I have a question concerning concering the byte and bit order of fields
within packet headers. Many of the RFCS (including RFC1060) state rules
about the byte (octet) order:

Data Notations

   The convention in the documentation of Internet Protocols is to
   express numbers in decimal and to picture data in "big-endian" order
   [21].  That is, fields are described left to right, with the most
   significant octet on the left and the least significant octet on the
   right.

   The order of transmission of the header and data described in this
   document is resolved to the octet level.  Whenever a diagram shows a
   group of octets, the order of transmission of those octets is the
   normal order in which they are read in English.  For example, in the
   following diagram the octets are transmitted in the order they are
   numbered.


       0                   1                   2                   3
       0 1 2 3 4 5 6 7 8 9 0 1 2 3 4 5 6 7 8 9 0 1 2 3 4 5 6 7 8 9 0 1
      +-+-+-+-+-+-+-+-+-+-+-+-+-+-+-+-+-+-+-+-+-+-+-+-+-+-+-+-+-+-+-+-+
      |       1       |       2       |       3       |       4       |
      +-+-+-+-+-+-+-+-+-+-+-+-+-+-+-+-+-+-+-+-+-+-+-+-+-+-+-+-+-+-+-+-+
      |       5       |       6       |       7       |       8       |
      +-+-+-+-+-+-+-+-+-+-+-+-+-+-+-+-+-+-+-+-+-+-+-+-+-+-+-+-+-+-+-+-+
      |       9       |      10       |      11       |      12       |
      +-+-+-+-+-+-+-+-+-+-+-+-+-+-+-+-+-+-+-+-+-+-+-+-+-+-+-+-+-+-+-+-+

                        Transmission Order of Bytes


So, all multi-octet fields are transmitted in big-endian byte order.

This is a small problem for little endian machines (most significant byte is
on the right). They must correct their byte order before the packet is
transmitted. In BSD systems, this job is performed by the htonl() and htons()
functions (host to network long, host to network short), but what about the
bit order? It is still little-endian (bits are numbered right to left instead
of left to right)! What order is are the bits transmitted in?

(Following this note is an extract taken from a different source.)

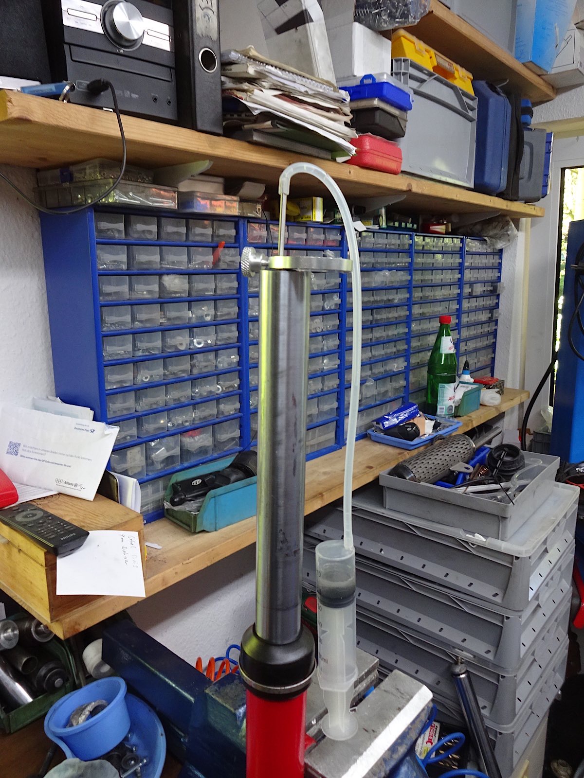 Wenn man jetzt so ein Tool hat, kann man den gewünschten Füllstand einstellen und ganz einfach mit der Spritze absaugen. Einfach und effizient.
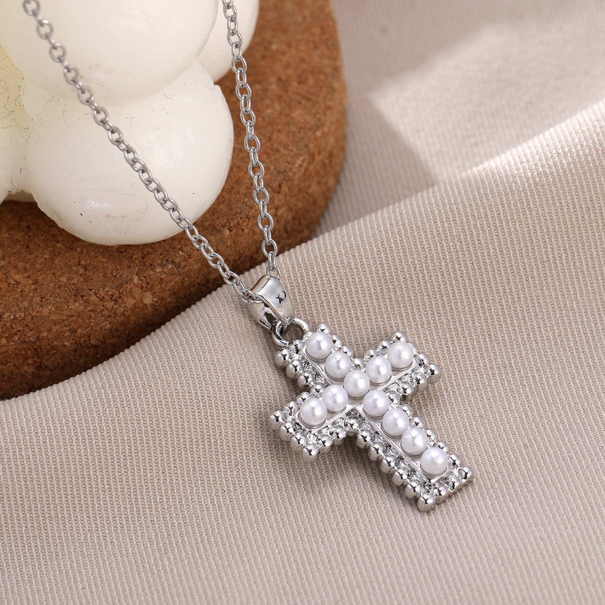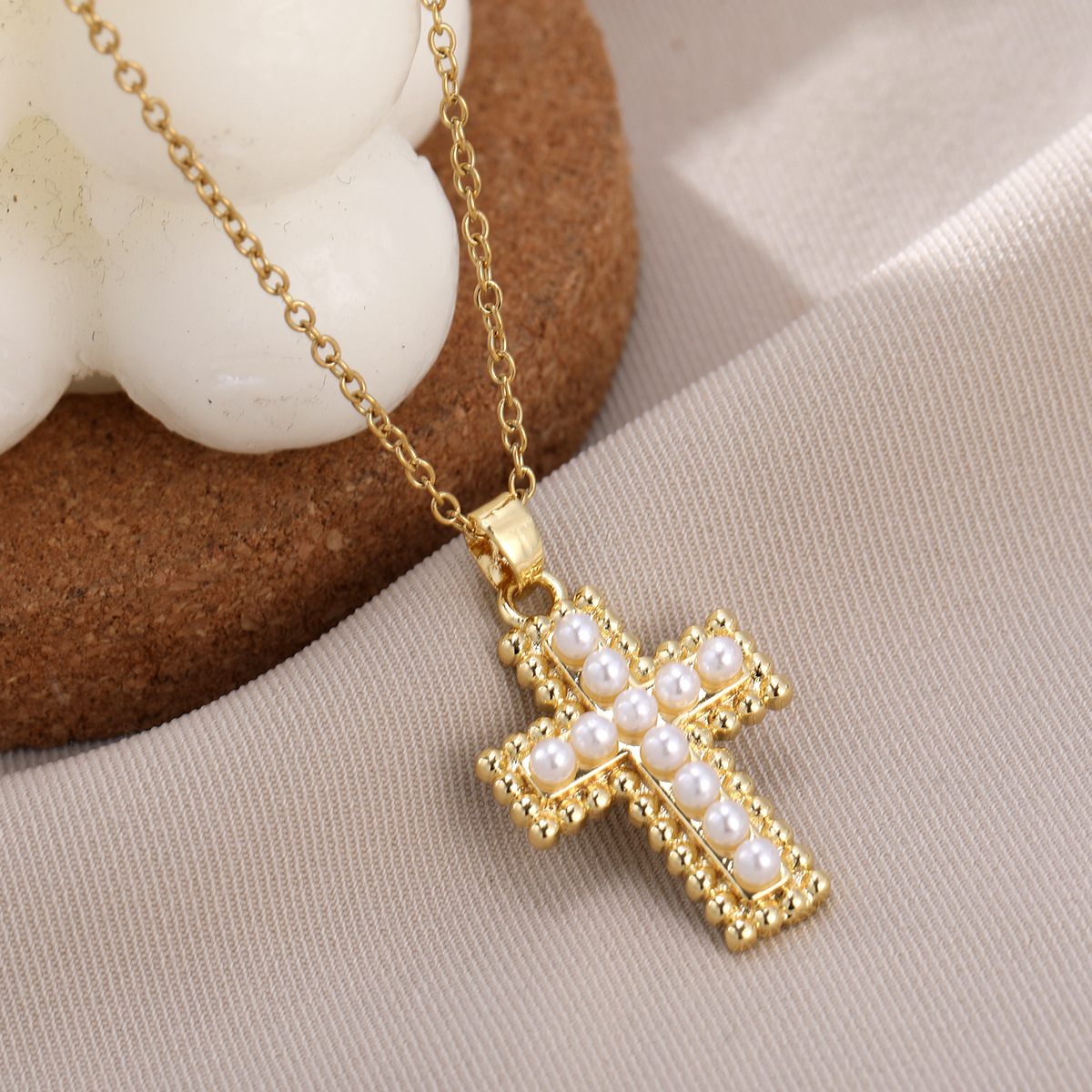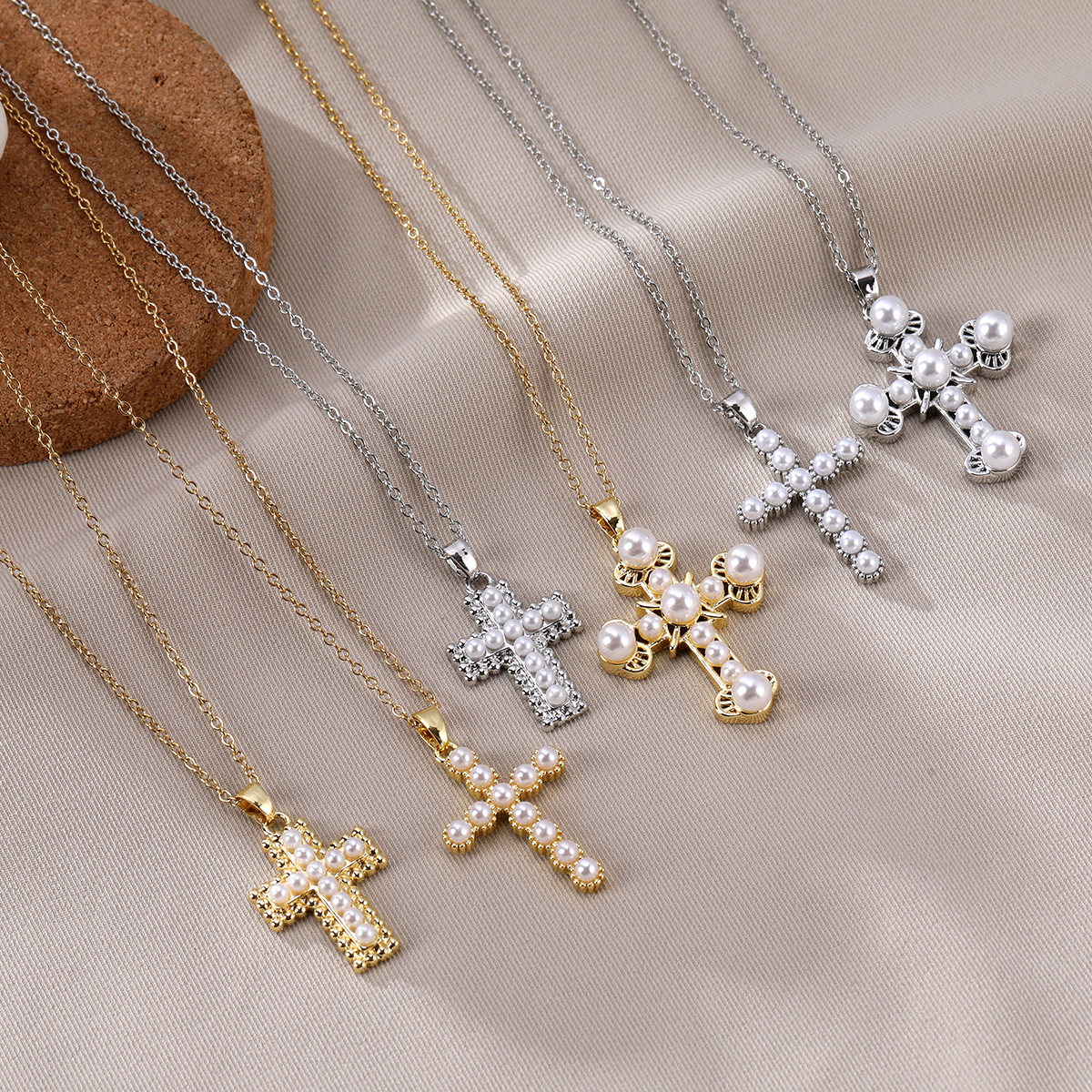 日韩风跨境复古十字架吊坠O字链微镶锆石珍珠清新甜美饰品项链

This is further complicated by the following code fragment from
/usr/include/netinet/ip.h:


	struct ip {
	#if BYTE_ORDER == LITTLE_ENDIAN
	        u_char  ip_hl:4,                /* header length */
	 	        ip_v:4;                 /* version */
	#endif
	#if BYTE_ORDER == BIG_ENDIAN
	        u_char  ip_v:4,                 /* version */
	                ip_hl:4;                /* header length */
	#endif
		<etc.>


When all this is translated, there are two views of the first byte of the
ip structure; one little endian:

	7              0
	+------+-------+
	| ip_v | ip_hl |
	+------+-------+

and one big endian:

	0              7
	+------+-------+
	| ip_v | ip_hl |
	+------+-------+

Now according to the 4.3BSD C Reference Manual by B. Kernighan, the addresses
of a structure increase as the declarations are read left to right
(irrelevant of the bit or byte order), so in terms of a C addressing model,
the first byte of the ip structure is:

	0              7
	+------+-------+-----
	| ip_v | ip_hl | other elements of ip structure
	+------+-------+-----

Perhaps the bits are transmitted MSB to LSB based on the C model. I don't
know.


Any clarifications on my confusion or any other help would be appreciated.

Thanks,

Mark

------------------------------------------------------------------------------
	Mark Andrews
	Systems Programmer,
	Alias Research,
	Toronto, Canada
Phone:	(416)-362-9181
Mail box: mark@alias.com

greene@coral.com (Jeremy Greene) (04/26/91)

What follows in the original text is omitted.